Figure 1: The characteristics of FOXD subfamily genes.
(A–D) ROC-curve analysis of FOXD1, FOXD2, FOXD3, and FOXD4, respectively. The AUC of FOXD1, FOXD2, FOXD3, and FOXD4 was 0.732, 0.784, 0.949, and 0.750, respectively. (E–H). The mutation analysis of the FOXD subfamily is shown in lollipop plots. The mutation of FOXD1 was not detected. FOXD2 was mutated in both COAD and READ. FOXD3 and FOXD4 were mutated only in COAD. Green dots represent missense mutations and blue dots represent gene deletions.

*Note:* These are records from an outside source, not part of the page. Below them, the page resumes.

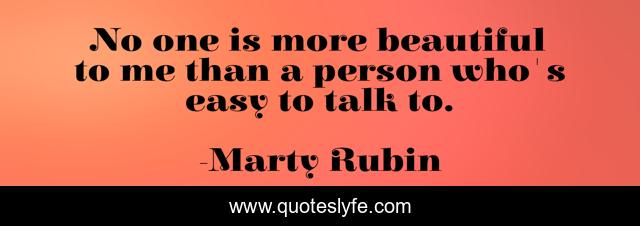 This page presents the quote "No one is more beautiful to me than a person who's easy to talk to.". Author of this quote is Marty Rubin. This quote is about conversation, ease, beauty, talking,.
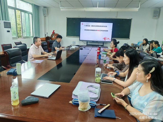 2025年9月11日下午,纽约国际967线路测试英语系、翻译系在学院317会议室联合召开新学期教研工作会议,宜宾校区教师通过线上方式同步参会。学院副院长叶林果出席会议并作工作指导。会议聚焦政治理论学习、新进教师交流、教学工作部署、国家社科项目申报经验分享四大核心议题,开展了深入研讨和交流。
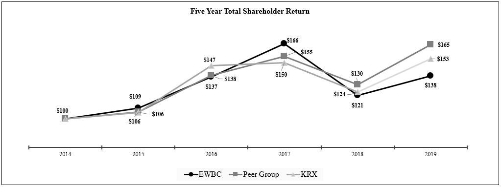 We believe that the information provided in “Compensation Discussion and Analysis” beginning on page 29 demonstrates that our executive compensation program was designed appropriately and is working to ensure management’s interests are aligned with our stockholders’ interests to support long-term value creation. The sustained success of the Company’s customer focus and bridge banking model between East and West is reflected in the following key metrics:
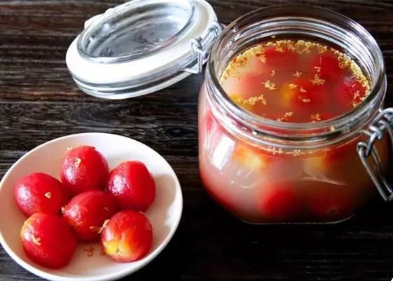 5、將剝好皮的小西紅柿放入一個可以密封的瓶子或者玻璃盒子中,倒入之前榨好的梨汁,撒一大勺幹桂花

Mutation analysis of the FOXD subfamily were visualized in lollipop plots (Figs. 1E–1H). FOXD2 was mutated in both COAD and READ, FOXD3 and FOXD4 were mutated only in COAD, and FOXD1 mutations were not detected. Green dots represent missense mutations and blue dots represent gene deletions. These results provide biological clues regarding the characteristics and functions of FOXD in CRC.
Identification and visualization of FOXD subfamily-related DEGs
We divided the FOXD subfamilies into two groups based on the median DEG expression values. These two groups were the high- and low-expression groups. We performed differential gene expression analysis to identify the FOXD subfamily related DEGs. The results are represented in volcano plots (Figs. 2A–2D). We identified 590, 1,388, 737, and 1,122 FOXD1-4-related DEGs, respectively. Up- and down-regulated genes are represented in red and blue, respectively. The top 50 up- and down-regulated genes are depicted in heat maps (Fig. 2E–2H). Blue represents low FOXD expression and red represents high FOXD expression.
Figure 2: Visualization of FOXD subfamily genes difference analysis.
(A–D) Volcano plots showed differentially expressed genes comparing high vs. low expression in the FOXD subfamily. Specifically, (A) represents FOXD1, (B) represents FOXD2, (C) represents FOXD3, and (D) represents FOXD4, respectively. Down-regulated genes were in blue and up-regulated genes were in red. (E–H) Heat maps showed that FOXD subfamily genes were grouped into low and high expression. Blue indicates low gene expression and red indicates high gene expression.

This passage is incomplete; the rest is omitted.